→ **Goal of the exercise**
Would you write out every entry exactly, but without the pictures?

(Records from a data collection)
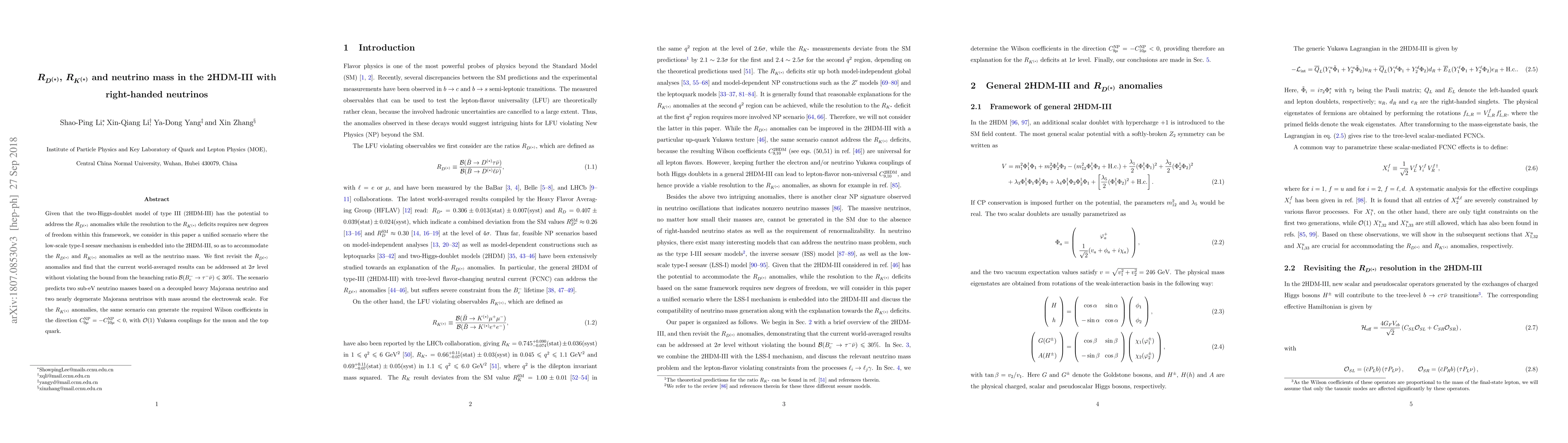 Given that the two-Higgs-doublet model of type III (2HDM-III) has the potential to address the $R_{D^{(\ast)}}$ anomalies while the resolution to the $R_{K^{(\ast)}}$ deficits requires new degrees of freedom within this framework, we consider in this paper a unified scenario where the low-scale type-I seesaw mechanism is embedded into the 2HDM-III, so as to accommodate the $R_{D^{(\ast)}}$ and $R_{K^{(\ast)}}$ anomalies as well as the neutrino mass. We first revisit the $R_{D^{(\ast)}}$ anomalies and find that the current world-averaged results can be addressed at $2\sigma$ level without violating the bound from the branching ratio $\mathcal{B}(B_c^-\rightarrow \tau^- \bar{\nu})\leqslant 30\%$. The scenario predicts two sub-eV neutrino masses based on a decoupled heavy Majorana neutrino and two nearly degenerate Majorana neutrinos with mass around the electroweak scale. For the $R_{K^{(\ast)}}$ anomalies, the same scenario can generate the required Wilson coefficients in the direction $ C_{9 \mu}^{\rm NP}=-C_{10 \mu}^{\rm NP}<0$, with $\mathcal{O}(1)$ Yukawa couplings for the muon and the top quark.
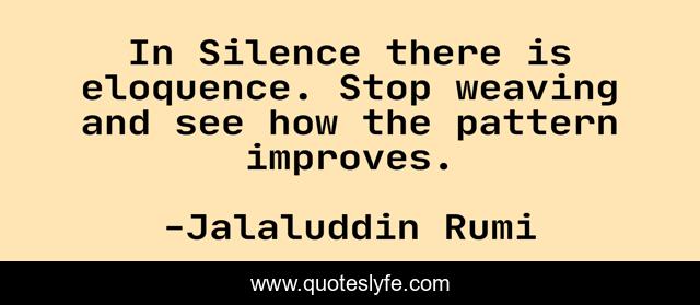 This page presents the quote "In Silence there is eloquence. Stop weaving and see how the pattern improves.". Author of this quote is Jalaluddin Rumi. .
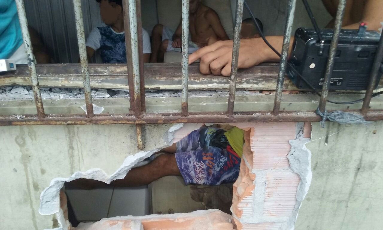 Os detentos abriram um buraco na parede, usando pedaços de barras de ferro como ferramentas.
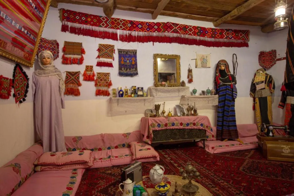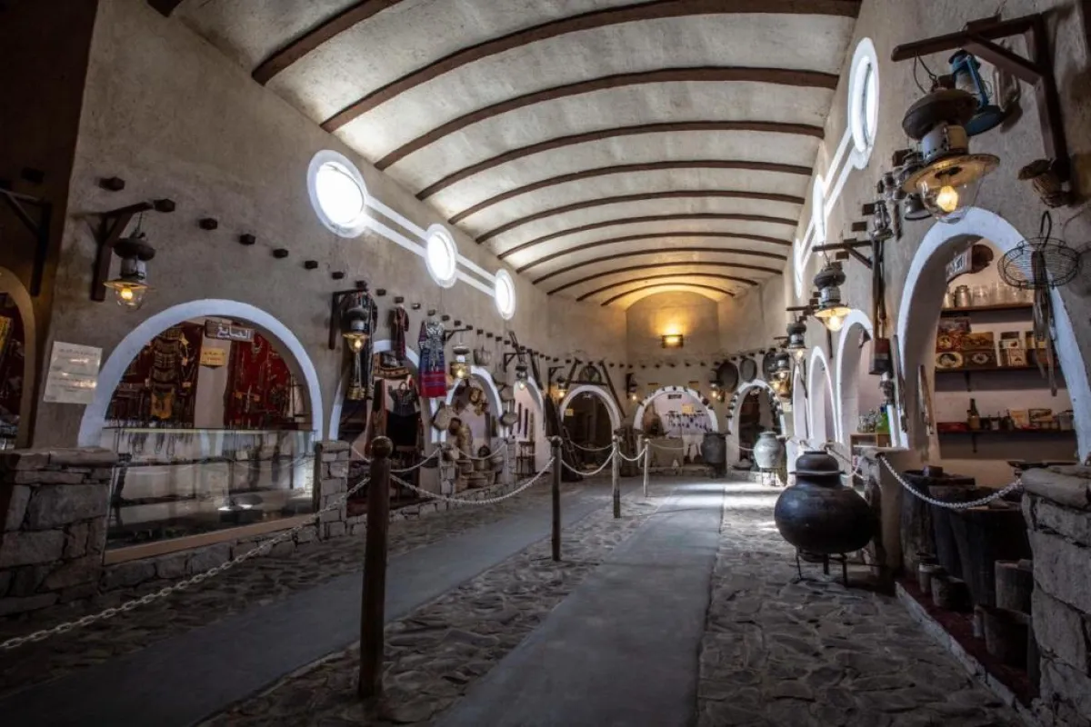 يتنقل الزائر في المتحف المقام على مساحة 6 آلاف متر مربع، ليجد بداخله أبنية من الصخور القديمة تخرج من أعلاها مزاريب المطر، ومداخل زُينت أبوابها الخشبية بالزراكيش الحديدية، لتضفي على المباني ملامح من الماضي وطرازه المعماري، إضافة إلى الفوانيس المعلقة على كل منزل لتضيء حارات المتحف.
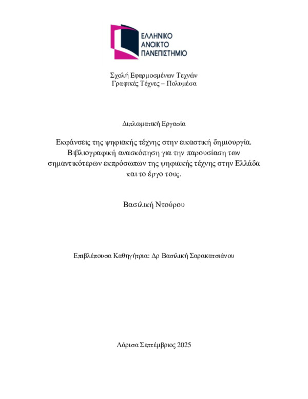 Η ψηφιακή τέχνη αποτελεί μια ραγδαία αναπτυσσόμενη μορφή καλλιτεχνικής έκφρασης, η οποία συνδυάζει την τεχνολογία με τη δημιουργικότητα, αναδιαμορφώνοντας τους τρόπους παραγωγής, διάδοσης και πρόσληψης της εικαστικής δημιουργίας. Η εργασία διερευνά τις εκφάνσεις της ψηφιακής τέχνης στο σύγχρονο πολιτιστικό τοπίο, με έμφαση σε ζητήματα που αφορούν την αυθεντικότητα, την πνευματική ιδιοκτησία, τη σχέση τέχνης και τεχνολογίας, καθώς και τη δυναμική των NFTs ως νέα μορφή κατοχύρωσης και εμπορικής αξιοποίησης των έργων τέχνης. Παρουσιάζονται χαρακτηριστικά παραδείγματα έργων και καλλιτεχνικών πρωτοβουλιών, τόσο σε διεθνές όσο και σε ελληνικό επίπεδο, αναδεικνύοντας τη συνύπαρξη δημιουργικών, τεχνικών και κοινωνικών παραμέτρων. Παράλληλα, αναλύονται οι απαιτήσεις σχεδιασμού, ανάπτυξης και αξιολόγησης ενός ψηφιακού έργου, ενσωματώνοντας σύγχρονες προσεγγίσεις, όπως η ευχρηστία, η προσβασιμότητα και η λειτουργικότητα. Από τη μελέτη προκύπτει ότι η ψηφιακή τέχνη δεν αποτελεί απλώς τεχνική καινοτομία, αλλά μια πολιτισμική στροφή που επαναπροσδιορίζει τη σχέση δημιουργού, έργου και κοινού, φέρνοντας στο προσκήνιο νέους τρόπους έκφρασης, διακίνησης και αντίληψης του εικαστικού αντικειμένου.
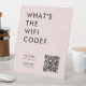 A simple custom pink "What's the WiFi Code?" scan to connect to Wifi business pedestal sign template in a modern minimalist style which can be easily updated with your QR code, network details or custom text.
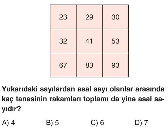 6. Sınıf Asal Sayılar ve Asal Çarpanlar Test 7
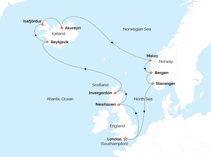 ...Your cruise holiday concludes today in London. Reflect on the awe-inspiring landscapes of Iceland as you say goodbye to new friends and cherish the memories of your journey.
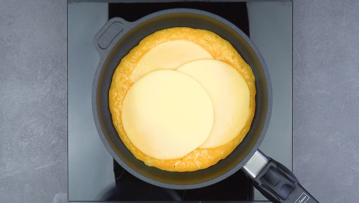 2.2 Graissez légèrement la poêle et préchauffez-la à feu moyen. Versez ensuite le jaune d’œuf dans la poêle, attendez qu’il durcisse et placez les tranches de fromage sur une extrémité, comme montré ci-dessous.
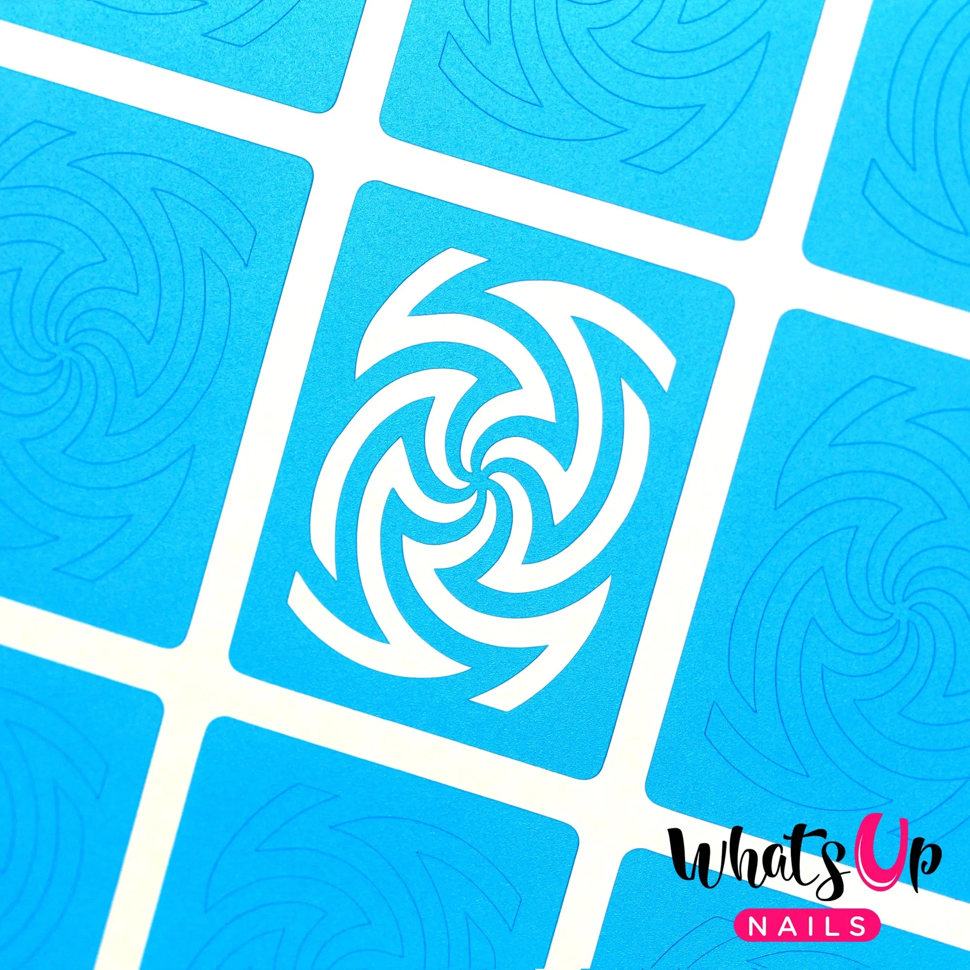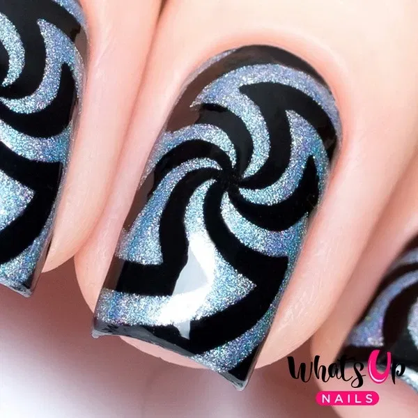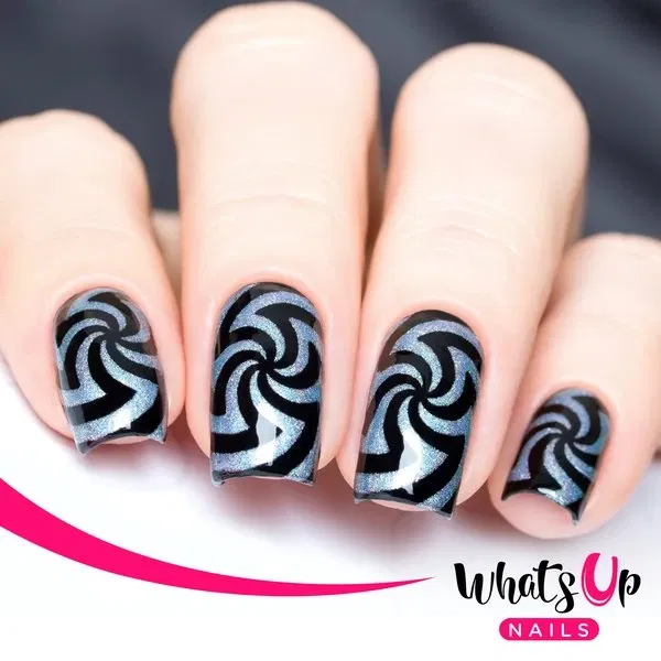 Disse stencils viser cirkulære og spiralagtige designs, der skaber et vildt hypnotisk visuelt effekt – perfekt til et iøjnefaldende og kreativt neglestyle. Designet sætter fokus på bevægelse og optisk spil.

→ **Task output**
 Given that the two-Higgs-doublet model of type III (2HDM-III) has the potential to address the $R_{D^{(\ast)}}$ anomalies while the resolution to the $R_{K^{(\ast)}}$ deficits requires new degrees of freedom within this framework, we consider in this paper a unified scenario where the low-scale type-I seesaw mechanism is embedded into the 2HDM-III, so as to accommodate the $R_{D^{(\ast)}}$ and $R_{K^{(\ast)}}$ anomalies as well as the neutrino mass. We first revisit the $R_{D^{(\ast)}}$ anomalies and find that the current world-averaged results can be addressed at $2\sigma$ level without violating the bound from the branching ratio $\mathcal{B}(B_c^-\rightarrow \tau^- \bar{\nu})\leqslant 30\%$. The scenario predicts two sub-eV neutrino masses based on a decoupled heavy Majorana neutrino and two nearly degenerate Majorana neutrinos with mass around the electroweak scale. For the $R_{K^{(\ast)}}$ anomalies, the same scenario can generate the required Wilson coefficients in the direction $ C_{9 \mu}^{\rm NP}=-C_{10 \mu}^{\rm NP}<0$, with $\mathcal{O}(1)$ Yukawa couplings for the muon and the top quark.
 This page presents the quote "In Silence there is eloquence. Stop weaving and see how the pattern improves.". Author of this quote is Jalaluddin Rumi. .
 Os detentos abriram um buraco na parede, usando pedaços de barras de ferro como ferramentas.
 يتنقل الزائر في المتحف المقام على مساحة 6 آلاف متر مربع، ليجد بداخله أبنية من الصخور القديمة تخرج من أعلاها مزاريب المطر، ومداخل زُينت أبوابها الخشبية بالزراكيش الحديدية، لتضفي على المباني ملامح من الماضي وطرازه المعماري، إضافة إلى الفوانيس المعلقة على كل منزل لتضيء حارات المتحف.
 Η ψηφιακή τέχνη αποτελεί μια ραγδαία αναπτυσσόμενη μορφή καλλιτεχνικής έκφρασης, η οποία συνδυάζει την τεχνολογία με τη δημιουργικότητα, αναδιαμορφώνοντας τους τρόπους παραγωγής, διάδοσης και πρόσληψης της εικαστικής δημιουργίας. Η εργασία διερευνά τις εκφάνσεις της ψηφιακής τέχνης στο σύγχρονο πολιτιστικό τοπίο, με έμφαση σε ζητήματα που αφορούν την αυθεντικότητα, την πνευματική ιδιοκτησία, τη σχέση τέχνης και τεχνολογίας, καθώς και τη δυναμική των NFTs ως νέα μορφή κατοχύρωσης και εμπορικής αξιοποίησης των έργων τέχνης. Παρουσιάζονται χαρακτηριστικά παραδείγματα έργων και καλλιτεχνικών πρωτοβουλιών, τόσο σε διεθνές όσο και σε ελληνικό επίπεδο, αναδεικνύοντας τη συνύπαρξη δημιουργικών, τεχνικών και κοινωνικών παραμέτρων. Παράλληλα, αναλύονται οι απαιτήσεις σχεδιασμού, ανάπτυξης και αξιολόγησης ενός ψηφιακού έργου, ενσωματώνοντας σύγχρονες προσεγγίσεις, όπως η ευχρηστία, η προσβασιμότητα και η λειτουργικότητα. Από τη μελέτη προκύπτει ότι η ψηφιακή τέχνη δεν αποτελεί απλώς τεχνική καινοτομία, αλλά μια πολιτισμική στροφή που επαναπροσδιορίζει τη σχέση δημιουργού, έργου και κοινού, φέρνοντας στο προσκήνιο νέους τρόπους έκφρασης, διακίνησης και αντίληψης του εικαστικού αντικειμένου.
 A simple custom pink "What's the WiFi Code?" scan to connect to Wifi business pedestal sign template in a modern minimalist style which can be easily updated with your QR code, network details or custom text.
 6. Sınıf Asal Sayılar ve Asal Çarpanlar Test 7
 ...Your cruise holiday concludes today in London. Reflect on the awe-inspiring landscapes of Iceland as you say goodbye to new friends and cherish the memories of your journey.
 2.2 Graissez légèrement la poêle et préchauffez-la à feu moyen. Versez ensuite le jaune d’œuf dans la poêle, attendez qu’il durcisse et placez les tranches de fromage sur une extrémité, comme montré ci-dessous.
 Disse stencils viser cirkulære og spiralagtige designs, der skaber et vildt hypnotisk visuelt effekt – perfekt til et iøjnefaldende og kreativt neglestyle. Designet sætter fokus på bevægelse og optisk spil.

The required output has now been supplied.